In dealing with Beijing, is this a brilliant bill or blunder and bluster?


The Trump administration may get an assist in crafting a hawkish stance toward China — from Congress.

One-time presidential candidate Sen. Marco Rubio (R.-Fla.) introduced a bill Tuesday that would slap sanctions on China for its destabilizing actions in the East and South China Seas, where Beijing has built artificial islands and airfields and warned neighboring countries to stay out.  

“The People’s Republic of China,” the bill reads, “should not be allowed to continue to pursue illegitimate claims and to militarize an area that is essential to global security.”
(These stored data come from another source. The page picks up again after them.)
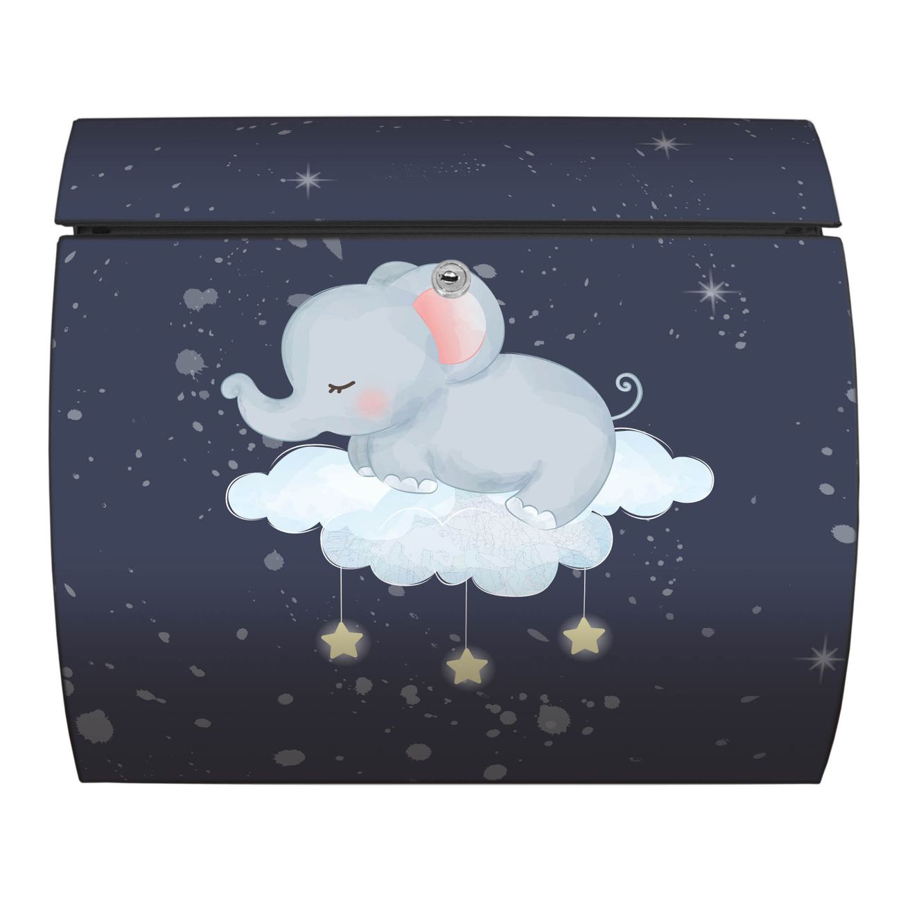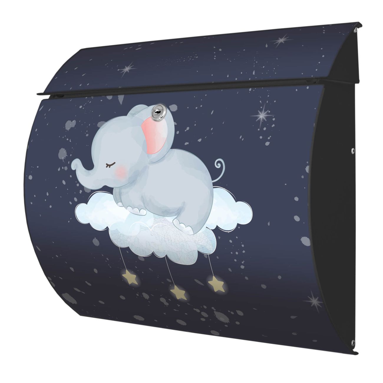 Der geschwungene Burg Wächter Briefkasten Toscana mit Motiv schlafender Elefant bietet Ihnen mit seinem großen Fassungsvermögen genügend Platz auch für große A4 Sendungen. Auf Wunsch können Sie bei uns den passenden Standfuß bestellen und so aus dem Wandbriefkasten einen Standbriefkasten machen. Der integrierte Öffnungsstopp ermöglicht eine einfache Handhabung beim Entnehmen der Post.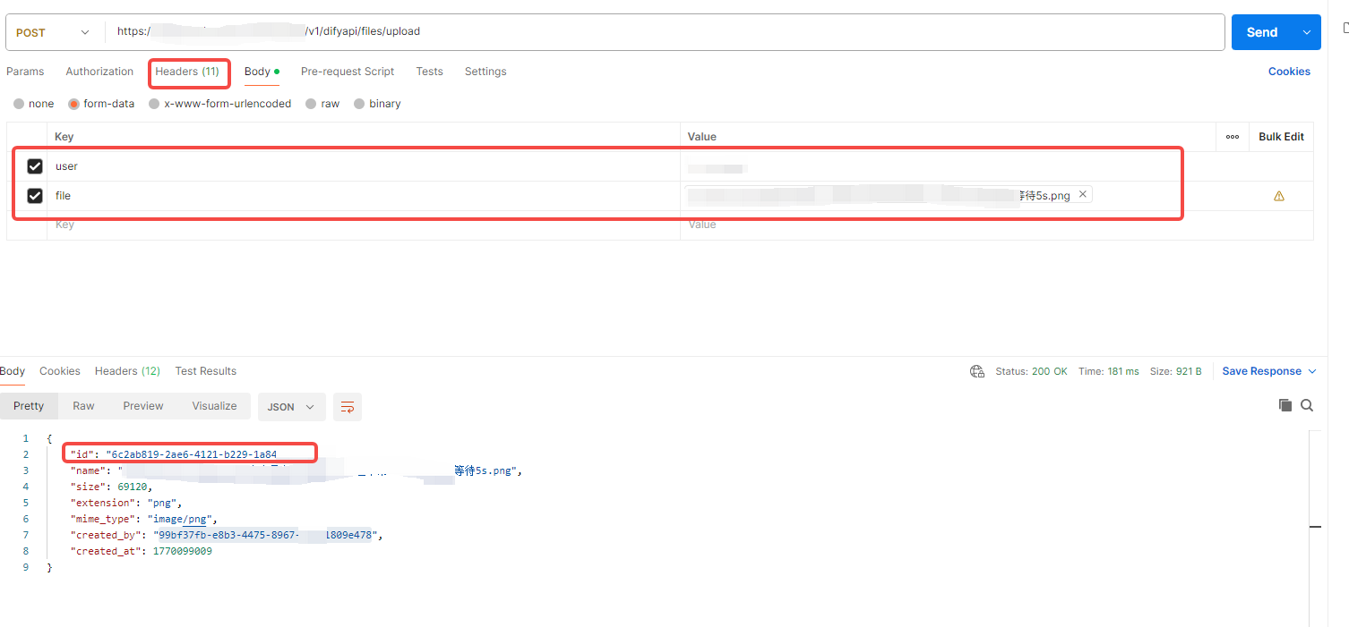 上传文件接口参数比较简单,post请求截图如下,用过post的应该都清楚如何填写,需要说明一下的是返回值中的id 字段就是接下来我们调用聊天接口需要传入的文件Id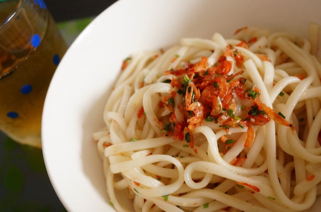 パスタもいいけど、うどんでも美味しかったです。「香ばしえび塩」使用。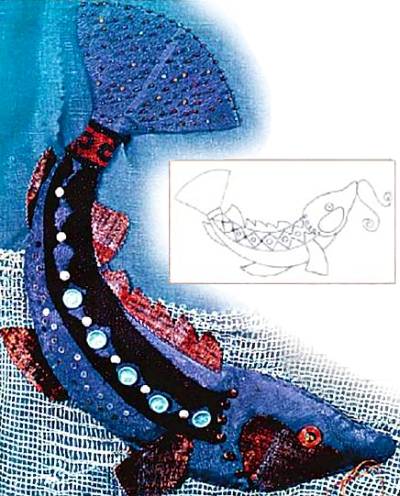 Главный персонаж панно — большая синяя рыба, выполненная в технике аппликации. Ее нужно выкроить из темно-синего шелка по эскизу. Снизу подшейте подкладку и по форме 4 проложите отрезок синтепона. Он придаст вашей рыбе объем.

Rubio proposes sanctions — including asset freezes, travel bans, and visa restrictions — on “any Chinese person” who contributes to construction or development projects in any contested area of the South China Sea, or who is complicit in actions or policies that threaten stability of those areas. Interpreted broadly, that would target everybody from Chinese coast guard and naval personnel to construction firms to fleets of Chinese fishermen who informally patrol far-flung waters.
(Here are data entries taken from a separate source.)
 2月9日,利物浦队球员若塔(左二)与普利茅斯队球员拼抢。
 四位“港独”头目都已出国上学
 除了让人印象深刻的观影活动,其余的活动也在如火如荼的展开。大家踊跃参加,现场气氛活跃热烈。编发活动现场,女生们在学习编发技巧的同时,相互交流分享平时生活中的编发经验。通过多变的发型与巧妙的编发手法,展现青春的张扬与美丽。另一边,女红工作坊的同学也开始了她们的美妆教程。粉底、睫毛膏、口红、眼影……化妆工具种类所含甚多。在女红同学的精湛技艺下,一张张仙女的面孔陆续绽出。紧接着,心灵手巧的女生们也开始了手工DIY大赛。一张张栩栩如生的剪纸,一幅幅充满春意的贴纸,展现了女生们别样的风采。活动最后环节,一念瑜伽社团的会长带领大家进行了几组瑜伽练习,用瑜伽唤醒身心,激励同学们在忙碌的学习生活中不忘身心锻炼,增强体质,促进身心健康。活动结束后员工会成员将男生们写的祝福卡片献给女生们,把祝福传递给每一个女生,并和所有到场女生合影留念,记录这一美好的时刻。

The bill also urges a more muscular U.S. response to China’s territorial ambitions. It calls for the United States to “continue and expand” freedom-of-navigation operations meant to challenge China’s claims, and calls for the United States to meet Chinese “provocations” with “commensurate actions that impose costs on any attempts to undermine security in the region.”

It isn’t clear yet how much support Rubio can count on; it was introduced in committee without a single co-sponsor. Neither Senate Foreign Relations Committee Chairman Bob Corker (R.-TN) nor Ranking Member Ben Cardin (D-MD)’s office has yet responded to request for comment.
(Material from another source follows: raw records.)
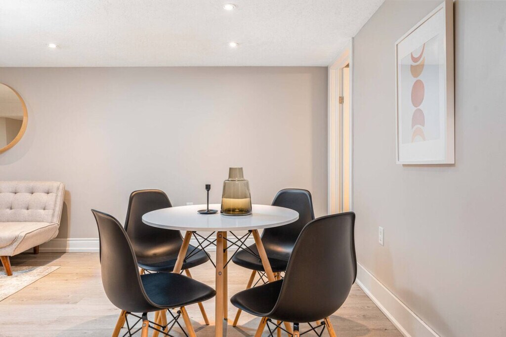 The advertised rate of C$8,902/month is the lowest available price, based on a 30 day(s) stay with a move-in date of May 18, 2026. Rates vary depending on the duration of stay, season, and other parameters. For exact pricing and additional pricing components, please visit our website and enter your desired move-in and move-out dates. The rate is applicable when billed upfront; it can be higher if billed in multiple payments. Feel at home in this professionally furnished and designed home, conveniently located just off Oxford St. This home features five bedrooms and is minutes away from Bellwood Plaza. Please do not use the wooden steps, as they're currently damaged. This home features two fully stocked kitchens (large on the main floor, small in the basement) and two living rooms equipped with smart TVs (Netflix, Prime, Crave, Disney+, and more). Super high-speed Wi-Fi and a modern bathroom oasis on each floor, plus a spacious backyard, ensure a comfortable and relaxing stay. Guests have access to a private driveway which can accommodate two regular-size vehicles. Guests also have full, private access to the driveway, backyard patio, and newly installed fire pit. Guests reserved for 28 days or more are responsible for their own consumables after the initial reserve provided is used. Located on a residential street just off Oxford Street, this home is a few minutes away from Bellwood Plaza, where you'll find everything you need from necessities to entertainment. Groceries, LCBO, restaurants, and eateries are all within walking distance. A short 5-7 minute drive to Western University, Fanshawe College, and Downtown London makes this location a gem for anyone. Guests have easy access to city transit or can get anywhere by car. Quiet hours start at 10 pm until 8 am the following morning. Smoking is not allowed inside the property, and evidence of indoor smoking will result in a $1000.00 fine. Pets are welcome, but they are not allowed on fabric couches/chairs and beds; any evidence or damages will require additional cleaning and will be charged back to your reservation. No parties or undeclared social gatherings are allowed, and guests will be charged $500.00 for breaking this rule. A surcharge of $100.00 per undeclared guest per night will be applied for unapproved guests. Lock all windows and doors if you are not home. Security cameras monitoring the entrance of the home are in place for the safety and security of the home and our guests; do not touch/tamper with these cameras, as any form of tampering will result in immediate cancellation of your reservation. Noise monitoring is in place, and any evidence of tampering with the noise device will result in immediate cancellation of your reservation. There are additional fees associated with pets: $25/day for 1-5 days, $200 for 6-28 days, and $300 for 29+ days. If any of the listing rules are abused, you will be subject to additional charges, and your reservation may be terminated. Since our cleaners are always on a tight schedule to get the units ready for the next guest, there is a late check-out penalty of $100/hr after 11:00 a.m. in case of a delayed checkout. Please be advised that the door may not lock automatically, so you will have to make sure it is locked before you leave the house. [SI]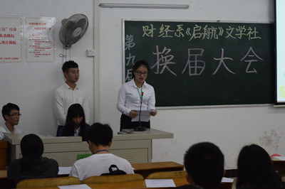 会议在换届短片中拉开了序幕。第九届编委办公室副主任兼财务主管邹倚丽作上一年度财务报告;第八届财经系《启航》文学社主编钟宁作上一学年的工作总结,对学院领导及老师们的支持表示感谢,期望“启航文学社”走的更远,飞得更高,为活跃天河学院校园文化作出应有的贡献!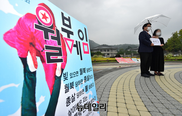 [포토] 청와대 1인시위 돌입한 북한피격 사망 공무원 유족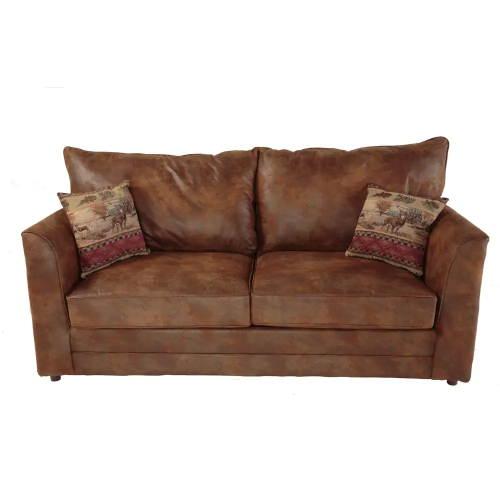 American Furniture Classics Deer Teal Lodge 88 in Brown Microfiber Queen Size Sofa Bed with Nail Head Accents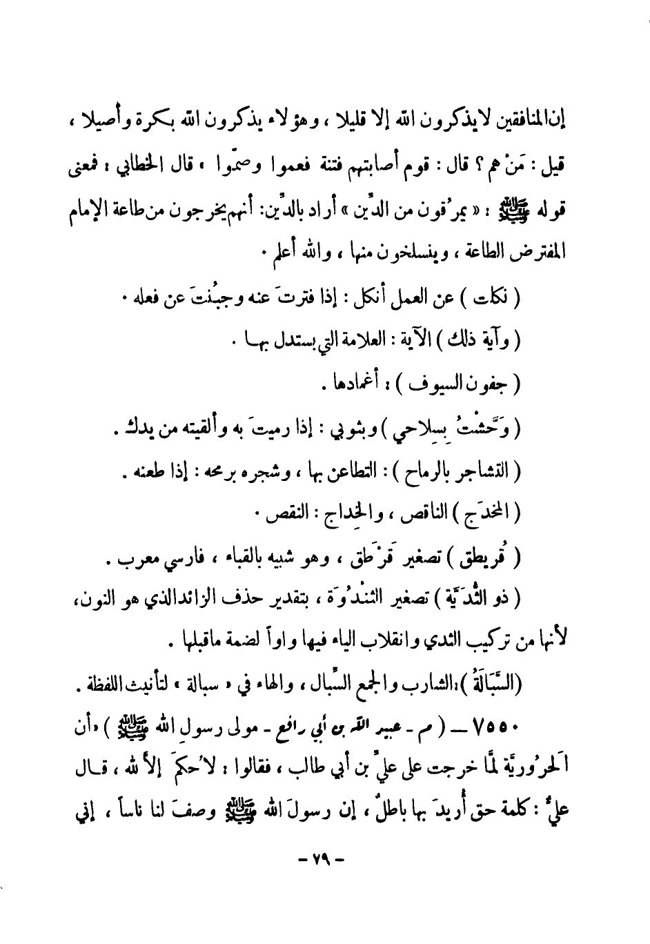 7550 - (م) عبيد الله بن أبي رافع - مولى رسولِ الله - صلى الله عليه وسلم- «أن الحَرُورَّية لمَّا خرجت على عليِّ بن أبي طالب، فقالوا: لا حُكمَ إلاَّ لله، قال عليّ: كلمة حق أُريدَ بها باطل، إن رسول الله - صلى الله عليه وسلم- وصفَ لنا ناساً، إني -[80]- لأعْرِفُ صفتهم في هؤلاءِ، يقولون الحقَّ بألسنتِهم، لا يجاوزُ هذا منهم - وأشار إلى حَلْقِهِ - مِن أبْغَضِ خلق الله إليه، منهم أسْودُ، في إحدى يديه طُبْيُ شَاة، أو حَلَمةُ ثدي، فلما قتلهم علي بن أبي طالب، قال: انظروا، فنظروا، فلم يجدوا شيئاً، فقال: ارجعوا، فوالله ما كذَبتُ ولا كُذِبتُ - مرتين أو ثلاثاً - ثم وجدوه في خَربة فأتَوا به، حتى وَضعُوهُ بين يَدِيْهِ، قال عبيد الله: وأنا حاضر ذلك من أمرهم وقولِ عليِّ فيهم» زاد في رواية: قال ابن حُنين: «رأيتُ ذلك الأسودَ» .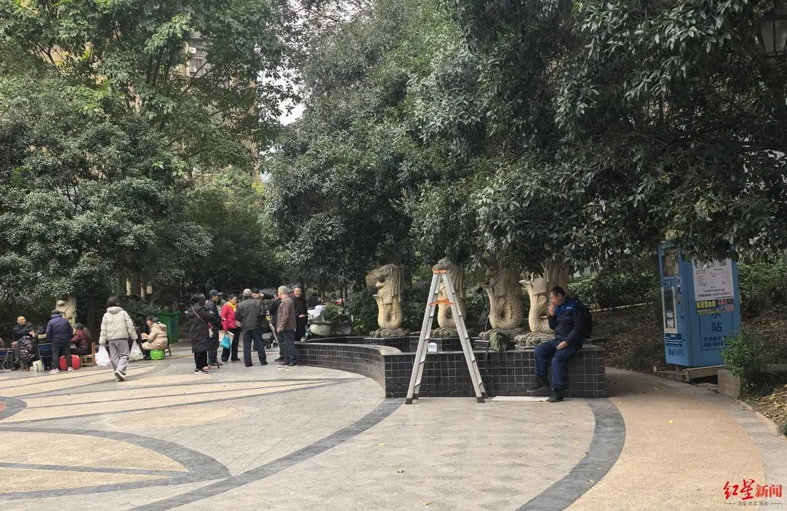 该小区不仅存在“双保安”,客服、保洁、工程人员等也都是“双份”的。近日,红星新闻记者在小区里看到,客服中心里面坐着原物业的两人,外面放包裹处坐着另一家的;在小区中庭,新来的物业工程人员刚去业主家换了灯泡,无聊地坐在花台边……

In the House, Rep. Mike Pompeo (R-KS) — Trump’s pick to head the CIA — introduced a bill in July calling on China to cease militarization and reclamation in the South China Sea and to end provocation in the East China Sea.

What is clear is that the hard-line legislation comes on the heels of a carefully arranged call between U.S. President-elect Donald Trump and the president of Taiwan, an issue that the Chinese do not take lightly. Trump also, in a series of tweets, accused China of intentionally devaluing its own currency to make it more difficult for U.S. companies to compete — and of building a “massive military complex” in the South China Sea.

Some foreign-policy analysts welcomed the bill as a way to show China some teeth. It’s a “welcome reminder that the United States has many tools at its disposal to influence Chinese policy in the South China Sea and East China Sea,” Bonnie Glaser, director of the China Power Project at the Center for Strategic and International Studies, told Foreign Policy. Though the bill has warts — Glaser noted that it focuses exclusively on China’s behavior in the disputed waters, not other claimants’, and targets activities like lighthouses that aren’t necessarily nefarious — she welcomed the effort to push back in area crucial to global trade and to the stability of Asia.

Even if this bill fails, she said, it is a reminder to the incoming administration that a targeted approach to the individuals and companies involved in military activity, construction, and dredging in the South and East China Seas would be useful in taking the lead on this issue, restoring U.S. credibility in the process.

But Zheng Wang, a Carnegie fellow at New America, said the “highly political” move could backfire. Since an international arbitration panel ruled against China in July on its legal position in the South China Sea, Zheng said, Beijing has been relatively restrained. Rubio is “pushing something that is only harmful to the bilateral relationship and the national security of the United States.”

“This is highly political and the senator himself probably does not really know the day to day issues and the development of South China Sea situation, so he doesn’t know really well about the reality.” Wang noted that China had been actually been more peaceful in the South China Sea since the July arbitration case in which a tribunal ruled in favor of the Philippines over China, even though, at the time, Chinese President Xi Jinping rejected the decision. Given that this was the case, Wang said, this sanctions would be regarded as confusing to China. Rubio, he said, is “pushing something that is only harmful to the bilateral relationship and the national security of the United States.”*

But China is not the only country in Congress’ crosshairs. On Dec. 1, the Senate voted unanimously to extend sanctions on Iran for 10 years. And the House passed a bill that would restrict travel by Russian diplomats based in the United States. The Senate has not yet approved the legislation. On Wednesday, Russia made quite clear that it would retaliate by restricting American diplomats’ movement if this bill were to become law.

Russian Foreign Ministry spokesperson Maria Zakharova said that U.S. authorities would do well to remember that “diplomacy is based on the principle of reciprocity.”

*Updated 5:15 PM ET Dec. 7, 2016 to include comment from Zheng Wang.